◆ **INFORMATION PROVIDED**:

◇ ◇ ◇ ◇

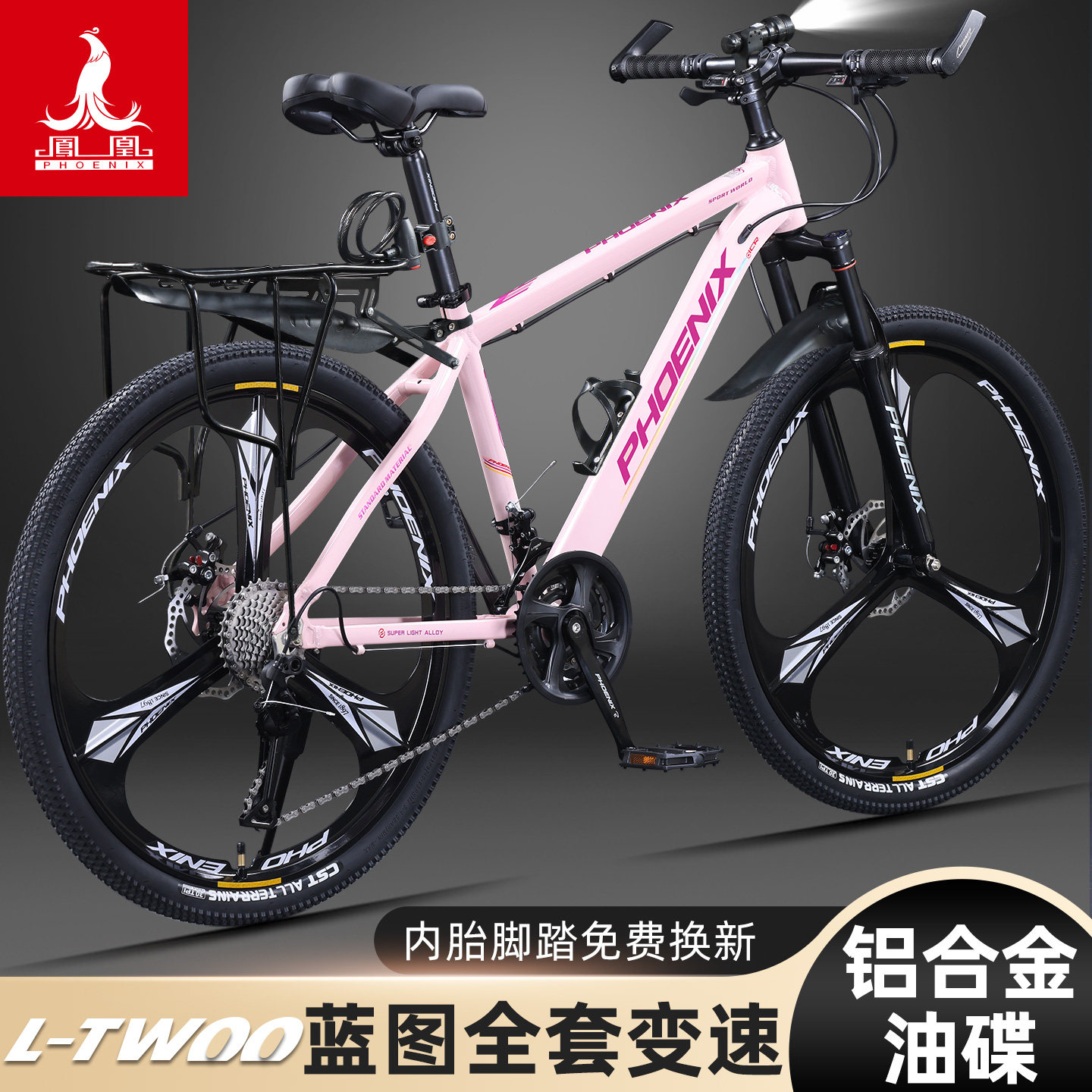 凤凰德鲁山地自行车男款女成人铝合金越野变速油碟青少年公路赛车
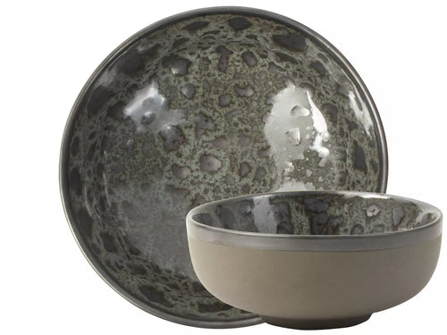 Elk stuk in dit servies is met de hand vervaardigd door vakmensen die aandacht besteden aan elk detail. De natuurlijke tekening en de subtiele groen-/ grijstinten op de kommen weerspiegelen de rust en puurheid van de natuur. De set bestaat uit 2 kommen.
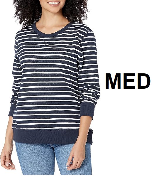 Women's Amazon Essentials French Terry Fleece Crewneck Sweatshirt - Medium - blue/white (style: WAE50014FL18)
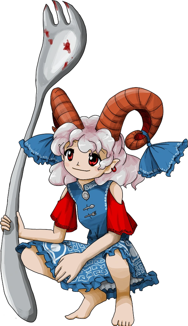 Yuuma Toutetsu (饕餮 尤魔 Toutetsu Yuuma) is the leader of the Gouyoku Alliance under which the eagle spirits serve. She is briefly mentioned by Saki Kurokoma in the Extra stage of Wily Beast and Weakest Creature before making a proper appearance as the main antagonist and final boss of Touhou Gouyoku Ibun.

◇ ◇ ◇ ◇

◆ **TASK TO COMPLETE**:
Without changing a word, transcribe all of the data and omit its images.

◆ **SOLUTION**:
 凤凰德鲁山地自行车男款女成人铝合金越野变速油碟青少年公路赛车
 Elk stuk in dit servies is met de hand vervaardigd door vakmensen die aandacht besteden aan elk detail. De natuurlijke tekening en de subtiele groen-/ grijstinten op de kommen weerspiegelen de rust en puurheid van de natuur. De set bestaat uit 2 kommen.
 Women's Amazon Essentials French Terry Fleece Crewneck Sweatshirt - Medium - blue/white (style: WAE50014FL18)
 Yuuma Toutetsu (饕餮 尤魔 Toutetsu Yuuma) is the leader of the Gouyoku Alliance under which the eagle spirits serve. She is briefly mentioned by Saki Kurokoma in the Extra stage of Wily Beast and Weakest Creature before making a proper appearance as the main antagonist and final boss of Touhou Gouyoku Ibun.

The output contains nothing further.